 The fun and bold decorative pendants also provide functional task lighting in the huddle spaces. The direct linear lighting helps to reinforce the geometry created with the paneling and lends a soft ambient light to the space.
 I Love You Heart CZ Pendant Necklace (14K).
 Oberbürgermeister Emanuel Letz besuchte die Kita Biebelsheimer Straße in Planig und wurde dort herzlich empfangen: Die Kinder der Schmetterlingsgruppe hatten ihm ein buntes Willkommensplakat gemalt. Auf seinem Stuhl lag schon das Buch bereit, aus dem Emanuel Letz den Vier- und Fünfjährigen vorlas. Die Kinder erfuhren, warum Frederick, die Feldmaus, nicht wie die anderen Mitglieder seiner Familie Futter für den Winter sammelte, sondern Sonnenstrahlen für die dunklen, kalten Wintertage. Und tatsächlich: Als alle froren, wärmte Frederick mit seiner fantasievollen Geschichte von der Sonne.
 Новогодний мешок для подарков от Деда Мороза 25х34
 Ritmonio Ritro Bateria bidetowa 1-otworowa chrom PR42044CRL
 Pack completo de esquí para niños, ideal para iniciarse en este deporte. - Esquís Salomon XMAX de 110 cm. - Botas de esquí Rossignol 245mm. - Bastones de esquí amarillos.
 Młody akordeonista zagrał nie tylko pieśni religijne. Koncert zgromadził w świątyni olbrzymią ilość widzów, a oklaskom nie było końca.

==

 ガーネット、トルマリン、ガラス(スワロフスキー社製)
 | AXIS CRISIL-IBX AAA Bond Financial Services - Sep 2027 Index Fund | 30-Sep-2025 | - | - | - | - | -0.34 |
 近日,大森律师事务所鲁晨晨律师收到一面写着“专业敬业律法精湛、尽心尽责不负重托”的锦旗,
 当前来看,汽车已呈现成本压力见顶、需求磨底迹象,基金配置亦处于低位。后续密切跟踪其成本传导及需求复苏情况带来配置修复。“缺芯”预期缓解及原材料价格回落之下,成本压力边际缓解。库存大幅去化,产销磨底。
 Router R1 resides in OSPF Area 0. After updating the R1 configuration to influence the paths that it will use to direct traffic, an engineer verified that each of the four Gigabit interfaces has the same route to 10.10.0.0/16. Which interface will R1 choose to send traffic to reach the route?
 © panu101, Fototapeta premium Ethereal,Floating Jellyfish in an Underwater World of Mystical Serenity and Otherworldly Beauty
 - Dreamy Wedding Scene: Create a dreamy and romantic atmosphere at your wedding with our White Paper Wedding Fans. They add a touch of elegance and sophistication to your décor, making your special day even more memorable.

==

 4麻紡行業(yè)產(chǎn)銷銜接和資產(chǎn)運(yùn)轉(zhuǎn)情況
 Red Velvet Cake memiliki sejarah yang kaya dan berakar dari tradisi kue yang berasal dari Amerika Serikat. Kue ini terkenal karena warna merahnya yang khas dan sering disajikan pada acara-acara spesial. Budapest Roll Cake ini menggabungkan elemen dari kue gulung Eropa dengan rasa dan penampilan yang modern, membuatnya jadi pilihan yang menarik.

● **WHAT YOU SHOULD DO**
Please show all lines from the entries that contain the word "with".

● **RESPONSE BELOW**
 The fun and bold decorative pendants also provide functional task lighting in the huddle spaces. The direct linear lighting helps to reinforce the geometry created with the paneling and lends a soft ambient light to the space.
 - Dreamy Wedding Scene: Create a dreamy and romantic atmosphere at your wedding with our White Paper Wedding Fans. They add a touch of elegance and sophistication to your décor, making your special day even more memorable.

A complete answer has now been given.